* Information shown
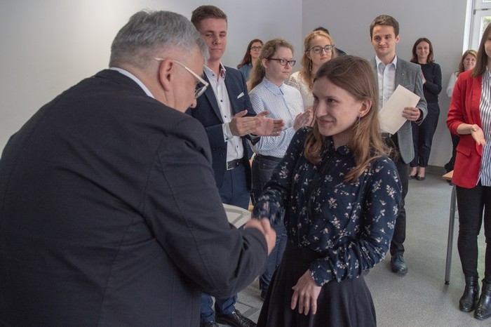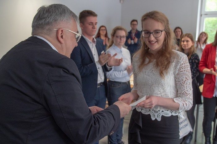 The Department of Foreign Languages of the MUG conducted final of the English Language Competition in Medical Sciences. Event took place on May 11. From among 300 participants from medical universities from all over Poland, 10 finalists were selected who had to give a short presentation on a topic of their choice and answer some additional questions. The first place was taken ex aequo by Tomasz Kozłowski – “Medical simulation” (Adam Mickiewicz University, Poznań) and Klaudia Kałuzińska “Organs on chips – an alternative to animal testing” (Jagiellonian University). The third place went to Damian Wyczyński “Psychopaths and their role in society” (MUG). Competition was organised under the honorary patronage of MUG’s Rector prof. Marcin Gruchała, M.D., Ph.D.
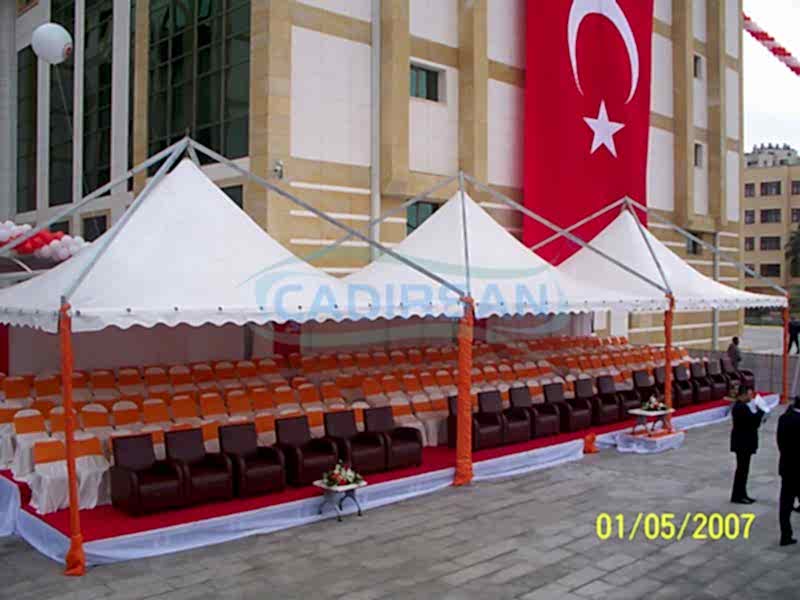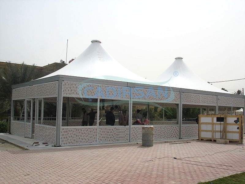 Bu sistemler membranın kare formundaki çelik kafes taşıyıcı üzerine gerilmesiyle oluşur. Çelik kafes taşıyıcı sistemi yan yana birleştirerek sınırsız bir alan oluşturmak mümkündür. Ayrıca bu sistemin merkezinde herhangi bir direk olmaması kullanışlı bir ortam sağlamaktadır. Bununla birlikte daha az ankraj alt yapısı gerektirmesi de sistemin farklı zeminlere kolaylıkla kurulabilmesini sağlamaktadır. Gazebo sistemi farklı iklim koşullarında dört mevsim kullanma imkanı olduğundan, cafeden araç parkına kadar geniş bir kullanma alanı vardır.
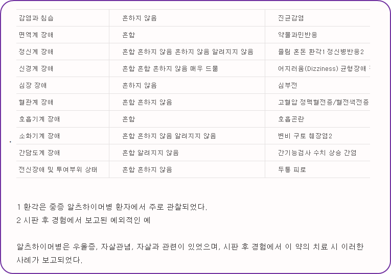 이 의약품은 '학습 및 기억 능력 등과 관련된 생리활성을 유지시켜 알츠하이머병 치료 효과를 나타내는 약'이니 참고하시길 바랍니다.
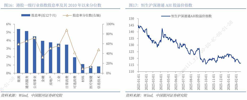 港股估值与风险偏好:(1)截至2026年2月20日,恒生指数的PE、PB分别为12.09倍、1.23倍,分别处于2010年以来79%、55%分位数水平。(2)10年期美国国债到期收益率较上周五上行4BP至4.08%,港股恒生指数的风险溢价率为4.19%,处于2010年以来5%分位。10年期中国国债到期收益率为1.7899%,从而港股恒生指数的风险溢价率为6.48%,处于2010年以来42%分位。(3)恒生沪深港通AH股溢价指数较上周五下降1.02点至116.40,处于2014年以来9%分位数的水平。
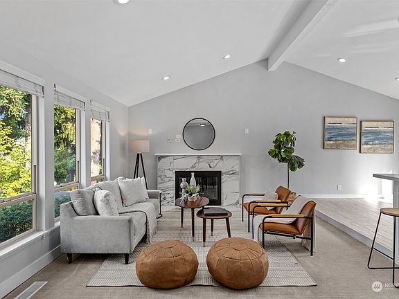 Welcome to this exquisite charmer nestled on a sprawling corner lot. Upon entering, you'll be greeted by a flexible floor plan that effortlessly blends functionality with style. The sunken living room immediately captures your attention, boasting a cozy wood fireplace with high vaulted ceiling adding a touch of grandeur creating an open and inviting atmosphere. For those who love to entertain or spend quality time, the lower level features an entertainment/family room. Stepping outside, you can enjoy a party-sized deck and patio that overlooks the fully fenced, level backyard. This outdoor haven is a canvas for your imagination with its professionally designed low maintenance landscaping adding a touch of natural beauty.
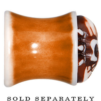 00G Brown White Resin Skull Saddle Plug
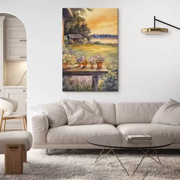 Wandbilder Blumen im Dorfgarten, Sonnenuntergang Farben, Aquarell-Stil s44019

* Work to complete
Omit the pictures. Write out exactly the lines from the one containing "00G Brown White Resin Skull Saddle Plug" through the last line of the entries, both of them included.

* Task result
 00G Brown White Resin Skull Saddle Plug
 Wandbilder Blumen im Dorfgarten, Sonnenuntergang Farben, Aquarell-Stil s44019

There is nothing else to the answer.